# Anomaly Detection in R

# Mary Donovan Martello

## The goal of this project was to use R to design unsupervised predictive binary classification models to predict whether credit card transactions are fraudulent transactions.  This file prepares the dataset for feature selection and supervised learning models that are used for comparison with the unsupervised models.
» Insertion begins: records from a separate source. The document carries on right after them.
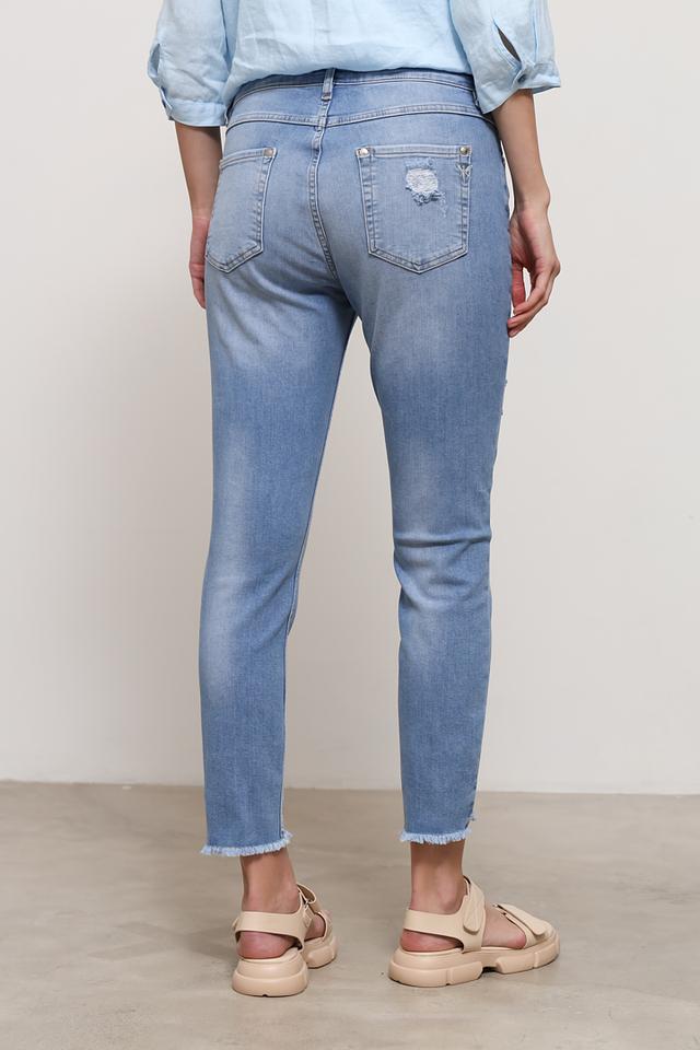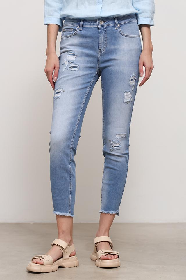 Голубые джинсы Monari с эффектными рваностями и необработанным краем – стильное и комфортное решение для повседневного образа. Модель выполнена из качественного хлопка с добавлением полиэстера и эластана, обеспечивающих удобную посадку и долговечность. Состав: хлопок 90%, полиэстер 7%, эластан 3%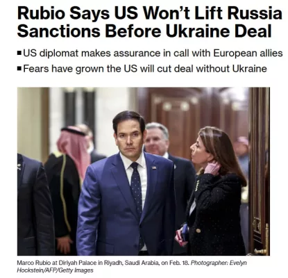 Об этом американский госсекретарь Рубио заявил европейским коллегам в ходе телефонного разговора. Звонок состоялся после его участия в переговорах с российской делегацией в Эр-Рияде, пишет Bloomberg.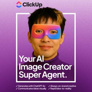 Questo template quadrato per software/SaaS promuove un assistente di creazione immagini basato su AI, raccontato come “super agent” capace di trasformare idee in creatività pronte all’uso e coerenti c...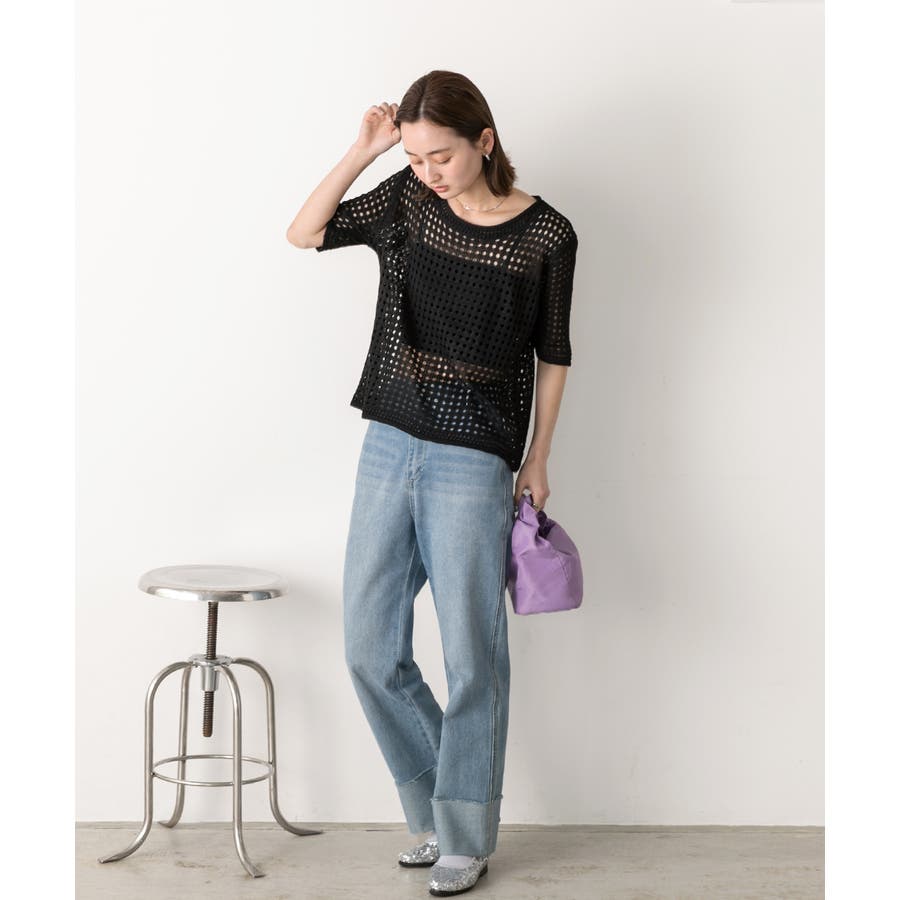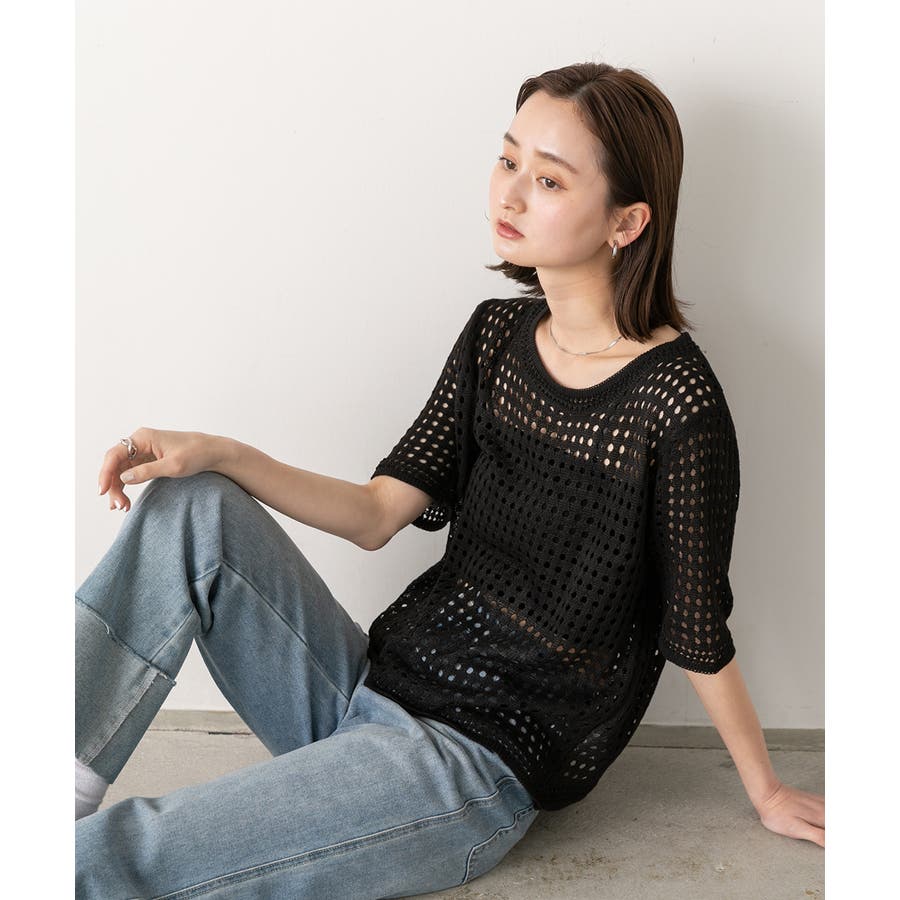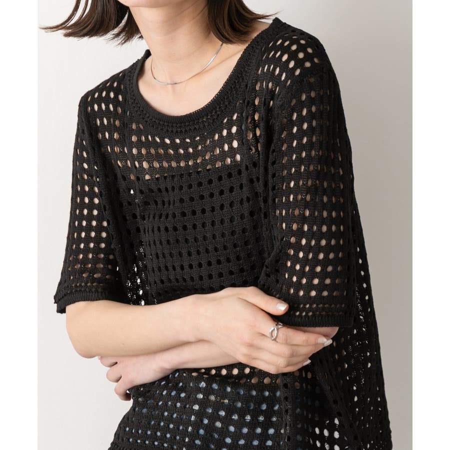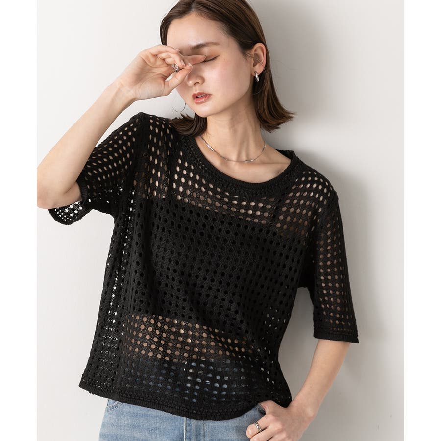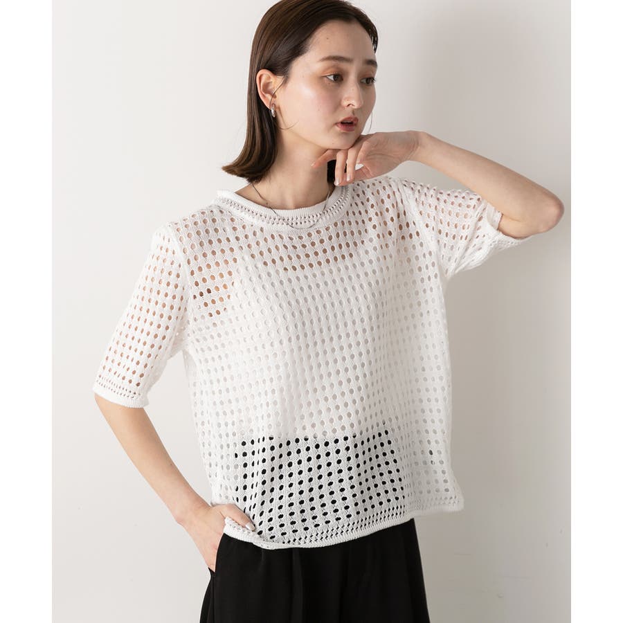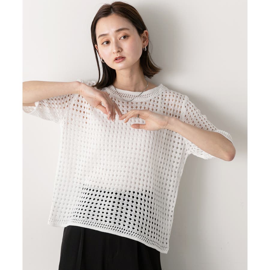 ヘルシーな肌見せができる透かし編みサマーニット

## Part 2:  Undersample Data for Feature Selection and Supervised Learning

In [2]:
# Importing required libraries
library(dplyr)
library(caret)
library(ggplot2)
library(caTools)
library(ROSE)
library(smotefamily)
library(rpart)
library(rpart.plot)
library(psych)
library(ltm)
library(corrplot)
library(e1071)
library(data.table)

suppressMessages(library(dplyr))
suppressMessages(library(caTools))
suppressMessages(library(ROSE))
suppressMessages(library(smotefamily))
suppressMessages(library(rpart.plot))
suppressMessages(library(psych))
suppressMessages(library(ltm))
suppressMessages(library(corrplot))
suppressMessages(library(e1071))
suppressMessages(library(data.table))

In [3]:
#Loading the dataset
fulldf<-read.csv("creditcard.csv")

In [4]:
# Convert class to a factor variable
fulldf$Class <- factor(fulldf$Class, levels =  c(0,1))

In [6]:
fulldf%>%head(3)

Time,V1,V2,V3,V4,V5,V6,V7,V8,V9,...,V21,V22,V23,V24,V25,V26,V27,V28,Amount,Class
0,-1.359807,-0.07278117,2.5363467,1.3781552,-0.33832077,0.46238778,0.23959855,0.0986979,0.363787,...,-0.01830678,0.2778376,-0.1104739,0.06692807,0.1285394,-0.1891148,0.133558377,-0.02105305,149.62,0
0,1.191857,0.26615071,0.1664801,0.4481541,0.06001765,-0.08236081,-0.07880298,0.08510165,-0.2554251,...,-0.22577525,-0.638672,0.101288,-0.33984648,0.1671704,0.1258945,-0.008983099,0.01472417,2.69,0
1,-1.358354,-1.34016307,1.7732093,0.3797796,-0.50319813,1.80049938,0.79146096,0.24767579,-1.5146543,...,0.24799815,0.7716794,0.9094123,-0.68928096,-0.3276418,-0.1390966,-0.055352794,-0.05975184,378.66,0


In [5]:
dim(fulldf)

### The dataset contains transactions made by credit cards in September 2013 by European cardholders. The dimension of the dataset is 31 features and 284,807 records. The dataset is highly imbalanced with respect to the percent of records with fraud labels (0.17%) versus records with non-fraud labels (99.83%).  To have feature selection better identify the significant features in the fraudulent cases, under sample the data for feature selection.

### Scaling

**Note: Data does not need to be scaled because Time removed and all but one remaining feature is a PCA feature.**

### Under Sample Data

In [5]:
# Random Under-Sampling (RUS)

# set the number of non-fraud records to under sample to
n_fraud <- 492
new_frac_fraud <- 0.50
new_n_total <- n_fraud/new_frac_fraud

undersampling_result <- ovun.sample(Class ~ .,
                                   data = fulldf,
                                   method = "under",
                                   N = new_n_total,
                                   seed =123)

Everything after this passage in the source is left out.